··· STUDY MATERIAL
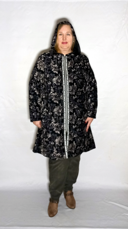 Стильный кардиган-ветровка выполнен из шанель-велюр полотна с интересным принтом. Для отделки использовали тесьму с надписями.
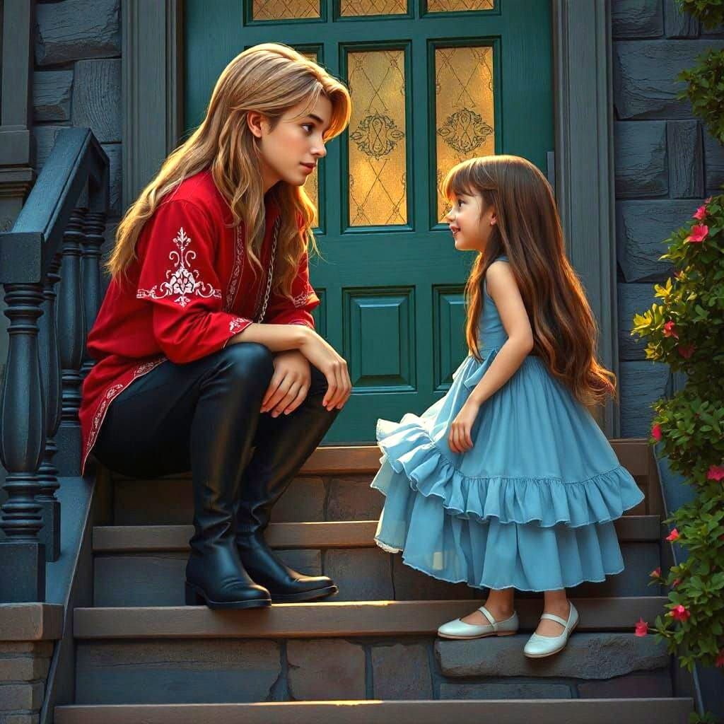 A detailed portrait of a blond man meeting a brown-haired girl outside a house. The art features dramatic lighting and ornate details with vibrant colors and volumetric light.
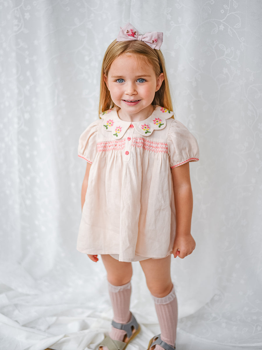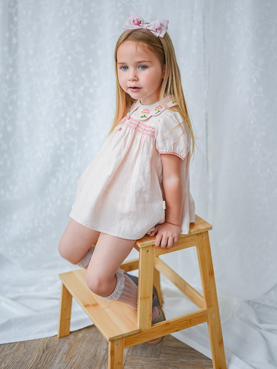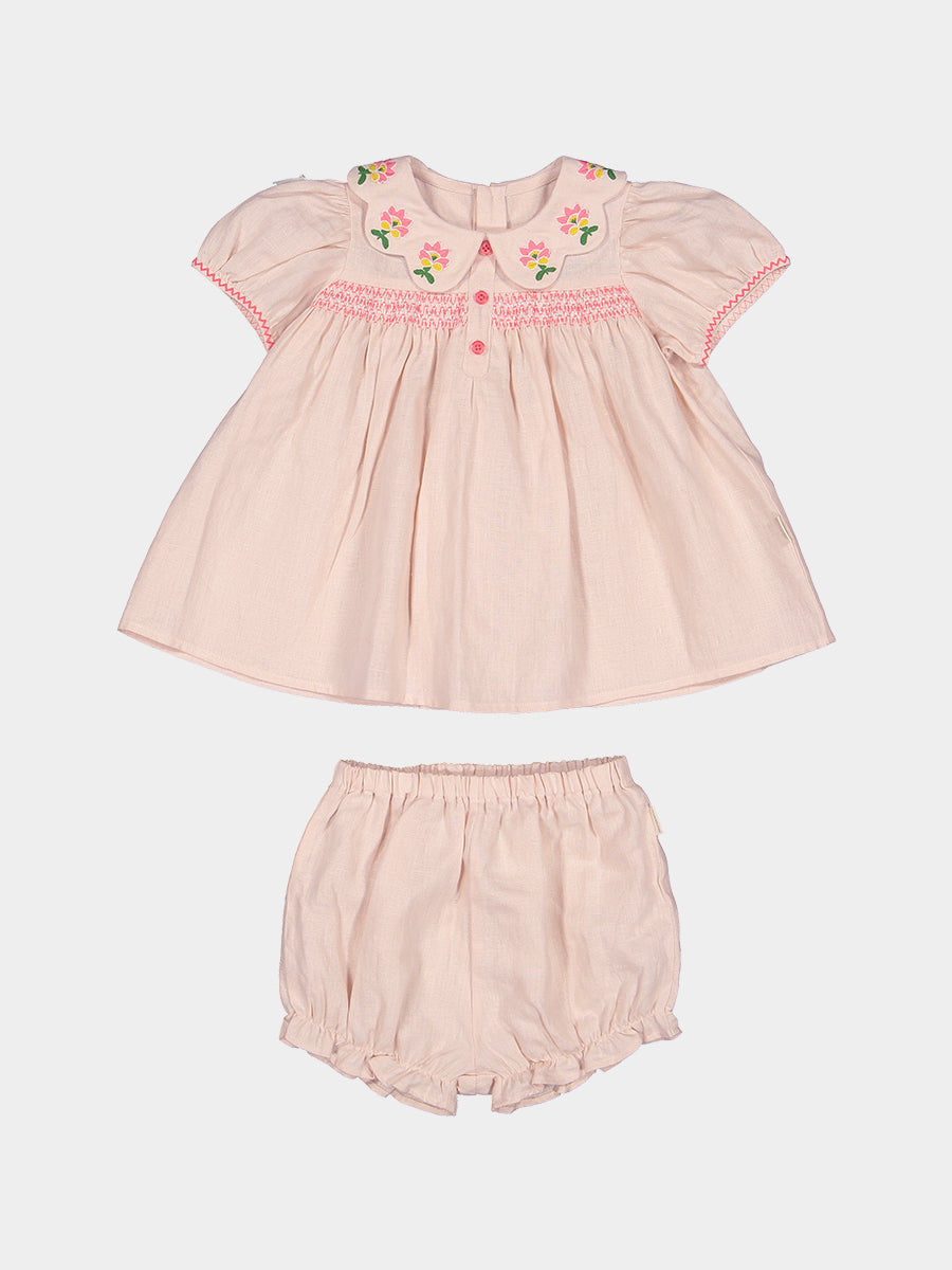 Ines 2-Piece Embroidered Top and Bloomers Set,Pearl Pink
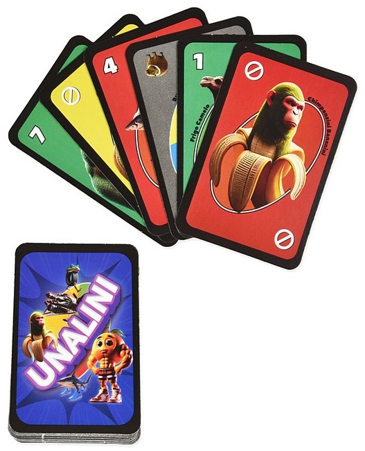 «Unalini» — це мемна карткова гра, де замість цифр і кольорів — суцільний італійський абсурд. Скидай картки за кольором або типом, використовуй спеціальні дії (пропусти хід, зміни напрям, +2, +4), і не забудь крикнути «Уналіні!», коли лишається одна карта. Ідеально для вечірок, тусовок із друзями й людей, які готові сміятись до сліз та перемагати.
······
··· STUDY MATERIAL
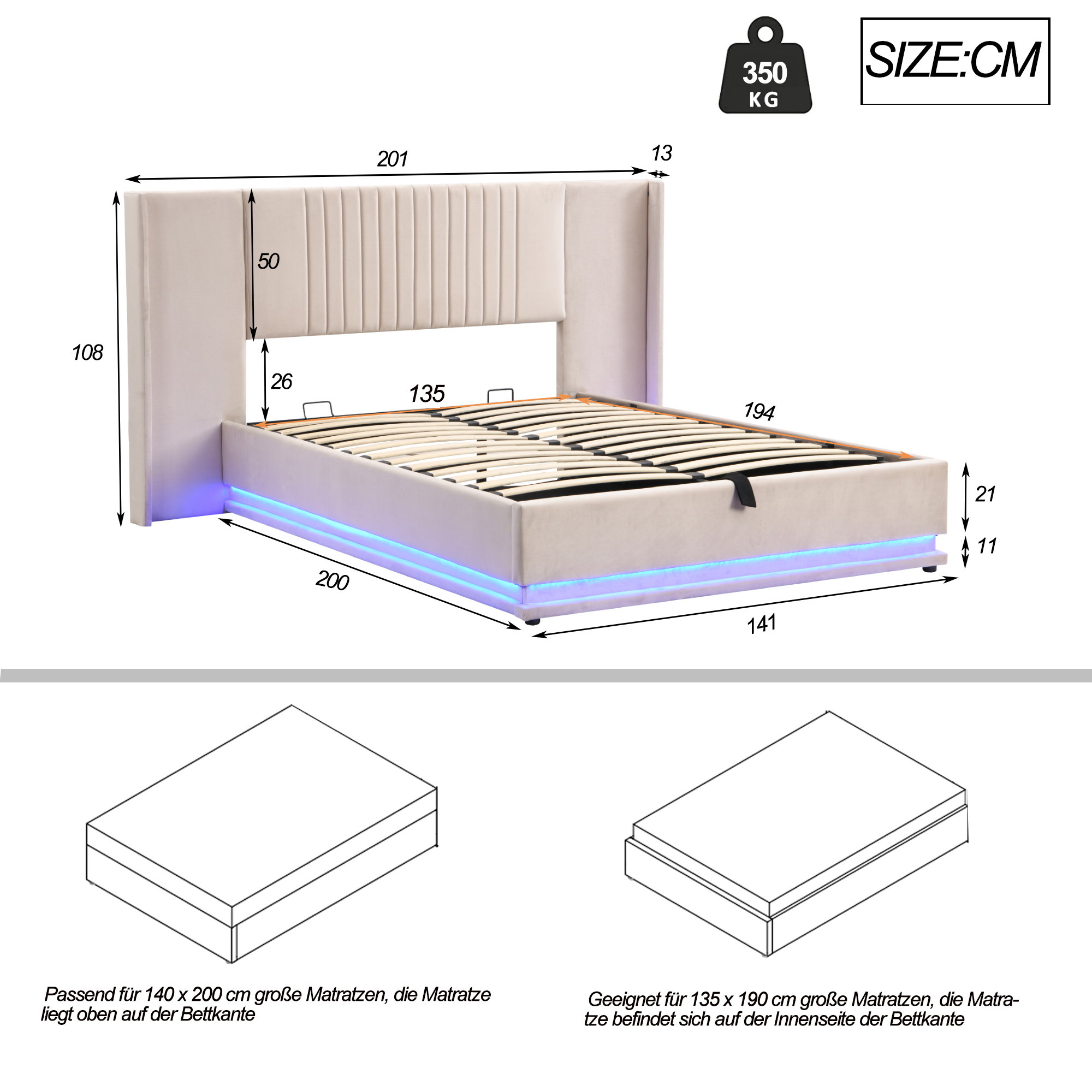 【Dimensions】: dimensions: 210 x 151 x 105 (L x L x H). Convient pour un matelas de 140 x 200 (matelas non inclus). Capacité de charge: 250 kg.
······
··· STUDY MATERIAL
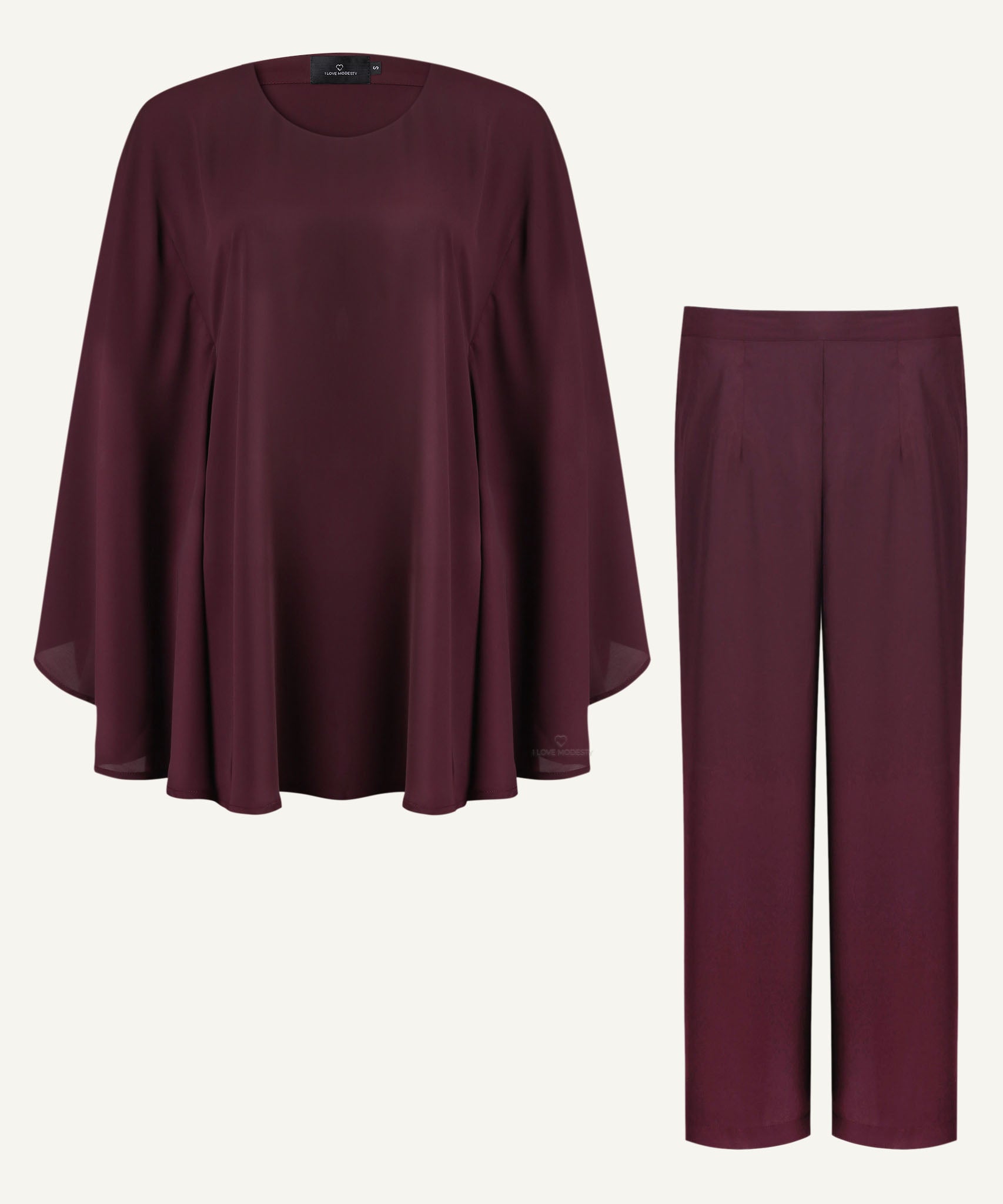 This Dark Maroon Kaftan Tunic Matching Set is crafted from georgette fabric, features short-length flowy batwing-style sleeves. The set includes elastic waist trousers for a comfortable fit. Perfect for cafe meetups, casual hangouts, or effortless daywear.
······
## EXERCISE OBJECTIVE
Give again the stretch of the entries above that begins at the line with "A detailed portrait" and ends at the line with "Ines 2-Piece Embroidered", word for word, with no pictures.

## SOLUTION BELOW
 A detailed portrait of a blond man meeting a brown-haired girl outside a house. The art features dramatic lighting and ornate details with vibrant colors and volumetric light.
 Ines 2-Piece Embroidered Top and Bloomers Set,Pearl Pink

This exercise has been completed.